— Ух ты! — воскликнула она, вполне однозначно выразив свое отношение к происходящему в нашем семействе. — Тебя целовал в шею собственный муж? Какая гадость!
И тут она ни с того ни с сего схватила меня за руку.
— Кейти! Боже мой!
— Что такое?
— Черт подери! Дело дрянь.
— Что? Ты меня пугаешь.
— Дэвид болен.
— Откуда ты знаешь?
— Характерные изменения личности. И потом — ты говорила про головные боли.
Верно, как это я упустила из виду. В моем желудке шевельнулась змея подозрения. Как я сразу не догадалась заглянуть в справочник по мужским болезням? Единственное объяснение странному поведению Дэвида скрывалось именно там. Вполне возможно, у него образовался мозговой тромб, опухоль или что-нибудь в этом роде. Как я могла проморгать столь очевидный факт? Я тут же побежала на работу и позвонила ему из кабинета.
— Дэвид, только спокойно, тебе нельзя волноваться. Пожалуйста, слушай меня внимательно и в точности соблюдай инструкции. Вероятно, у тебя мозговая опухоль. Необходимо немедленно лечь на обследование и сделать томографию головы. Нельзя это запускать. Мы можем дать тебе направление, но…
— Кейти…
— Пожалуйста, выслушай. Мы можем дать тебе направление, но…
— Кейти, со мной все в порядке.
— Будем надеяться. Но твое поведение — классическая картина мозговой опухоли.
— Это потому что я стал внимателен к тебе?
— Да, и это тоже. И потом еще театр.
— Думаешь, если мне понравился спектакль, то виновата в этом опухоль?
— И еще деньги. И мальчик. И то, что ты вытворял в постели после этого.
Последовала продолжительная пауза.
— Кейти, прости.
— Вот тебе еще один симптом. Ты постоянно просишь прощения. Дэвид, я думаю, ты очень болен.
— М-да… печально.
— Может, это не очень запущено. Однако мне кажется… Я считаю…
— Подожди. Все не так плохо. Не надо меня хоронить. На самом деле все не так плохо, уверяю тебя. Поговорим позже.
И Дэвид бросил трубку.
Дэвид не желал обсуждать свою опухоль, пока мы не остались наедине. Но даже когда мы остались вдвоем, мне не сразу удалось постичь смысл его слов.
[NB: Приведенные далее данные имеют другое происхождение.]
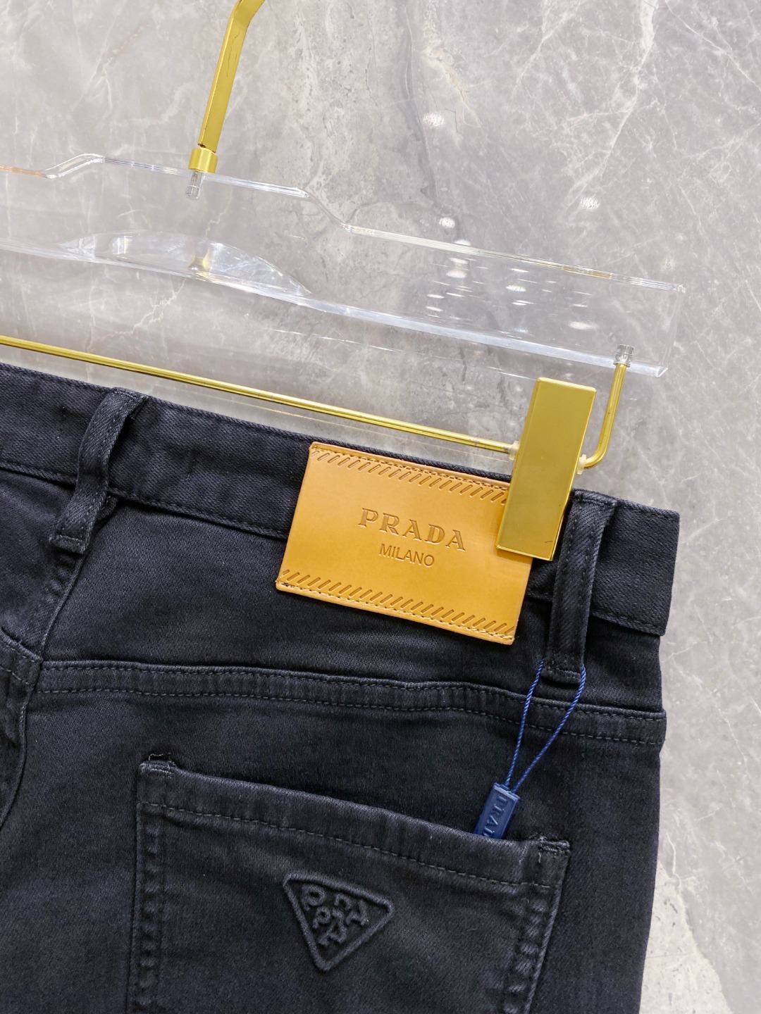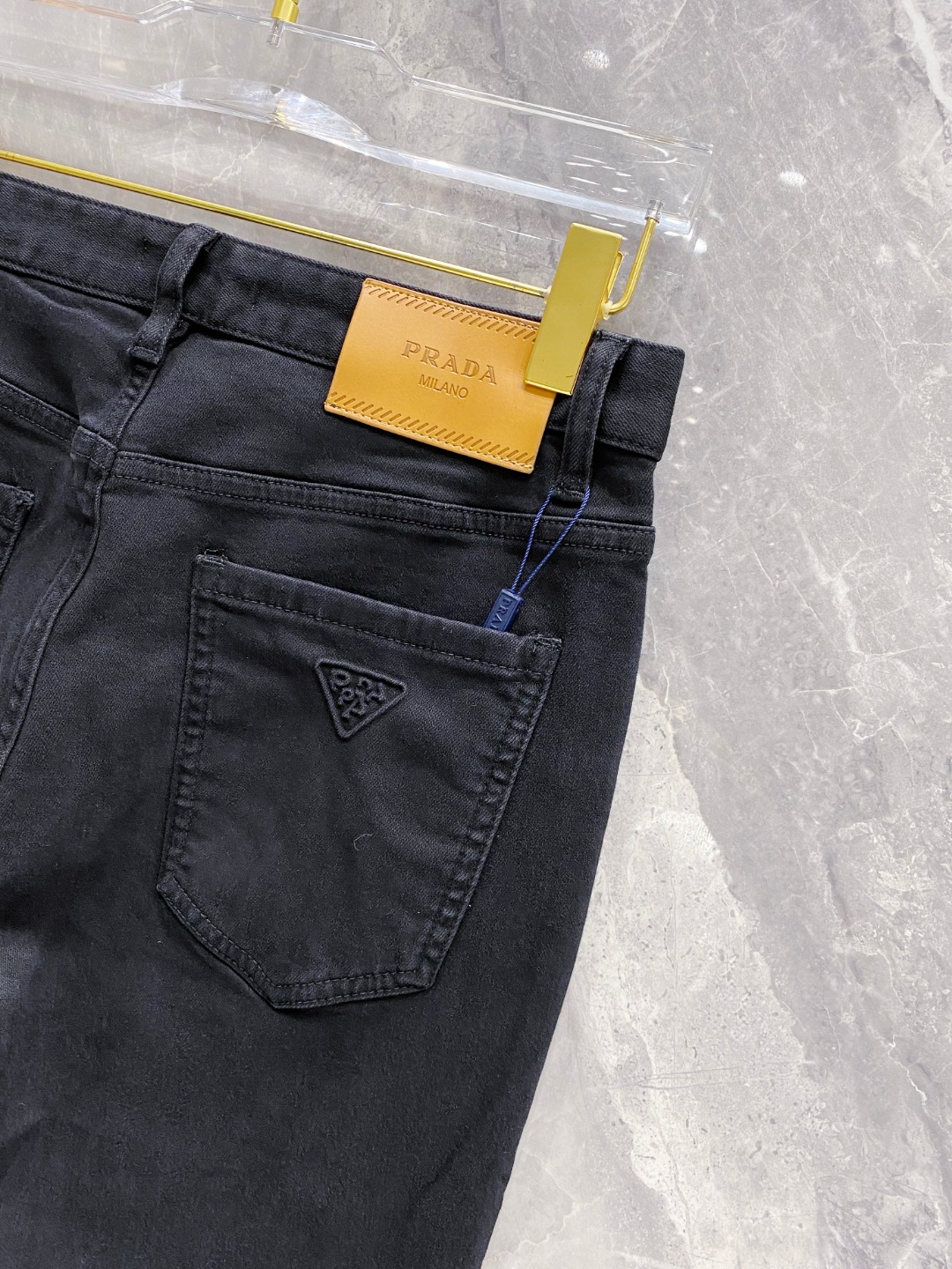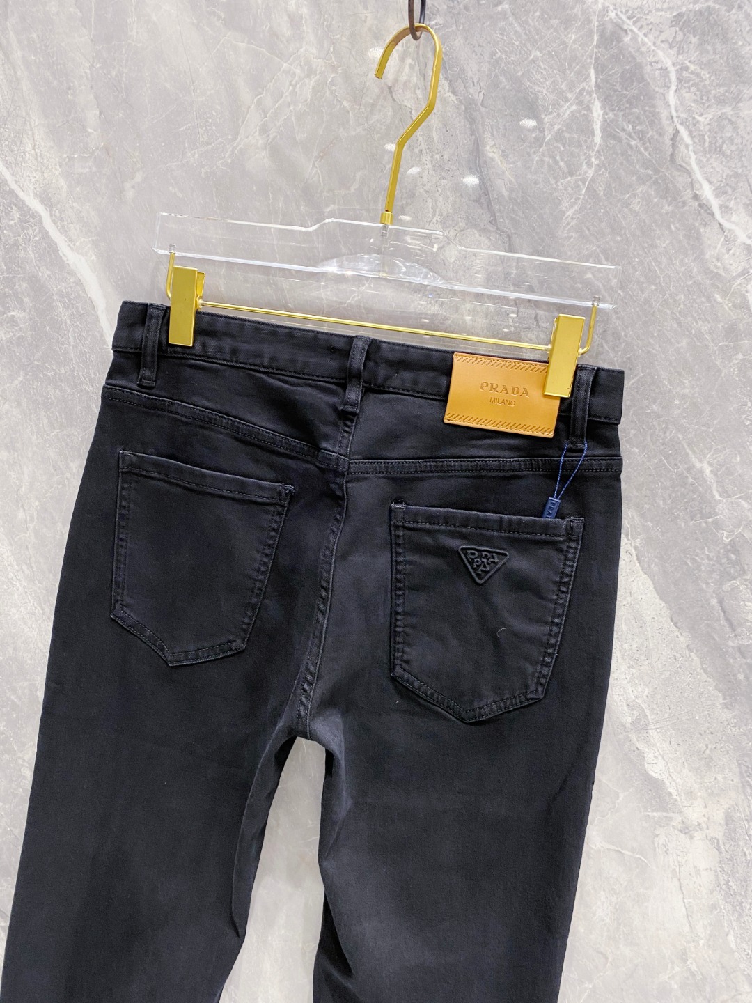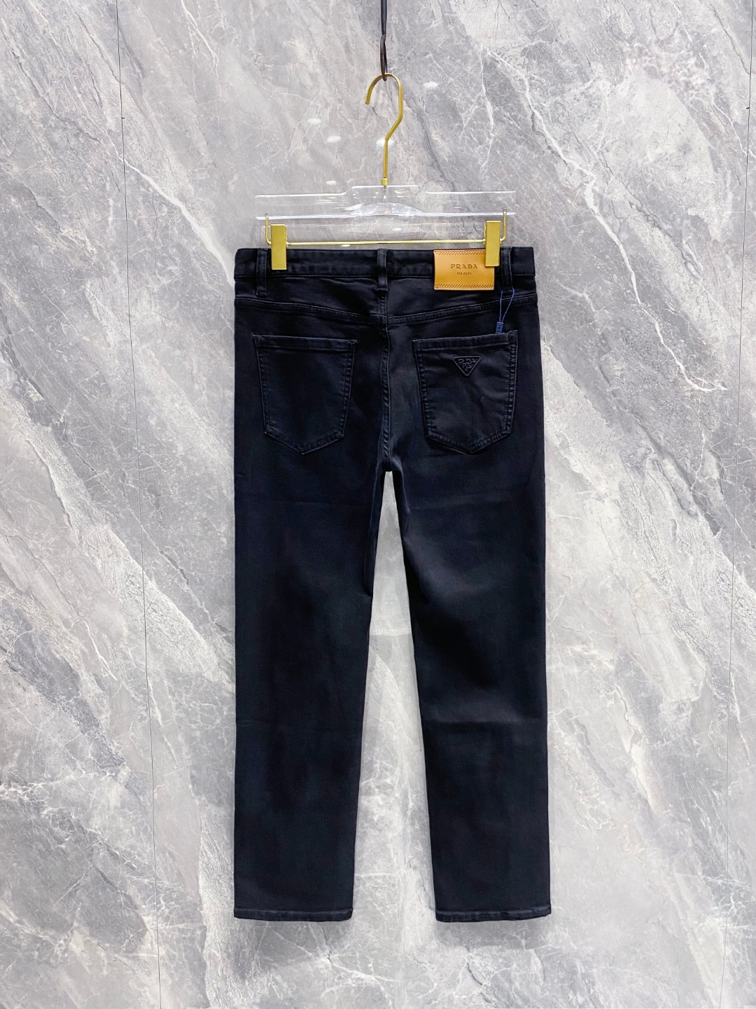 Prada 2025 Fall/Winter men's jeans. Heavy wash denim, custom fabric, soft & comfortable. Double washing process, top-notch feel & breathability. Custom logo hardware. Stretchy, comfortable, low-key design. Sizes 29-38.

— Ты понимаешь, никакого крема там не было.
— ?
— Он не пользуется кремом.
— Прости, не поняла?
— Диджей ГудНьюс. Нет никакого крема.
— Ах да. А что, это так важно? — Я тщетно пыталась отыскать смысл в этом, судя по тону Дэвида, явно важном сообщении. — Так… значит, получается, Молли была права? Ты это хочешь сказать? Может быть, ты из-за этого переживаешь?
— О да. Конечно. Она была абсолютно права. Она все время была права. Разве тебе не понятно? Он пользуется одними руками.
— Верно, и никакого крема. Значит, крема нет.
— Нет.
— Хорошо. Спасибо, что рассказал мне. Теперь… теперь у меня сложилась более ясная картина.
— Это как раз насчет… — Дэвид прочертил в воздухе пальцами две дуги, обводя силуэт воображаемой крупнокалиберной женщины.
— Ты это о чем?
— Да все про то же. Про ту ночь, театр, деньги… Про… мою рубрику в газете. Все сразу. Перемена… ну, я не знаю, самой атмосферы, что ли. Ты ведь обратила внимание, как все вокруг нас изменилось — чувства стали другими. А ты, естественно, решила, что у меня черепно-мозговая травма или что-нибудь в этом роде, да? Так вот… Все это идет оттуда. От доктора ГудНьюса.
— То есть оттого, что твой друг ГудНьюс не использует лечебный крем?
— Да. То есть никакого крема в самом деле нет. Это просто… О, мне даже не объяснить. Думал, будет просто — а вот никак. Не получается. — Я никогда не видела Дэвида таким косноязычным, взволнованным и озадаченным одновременно. — Прости.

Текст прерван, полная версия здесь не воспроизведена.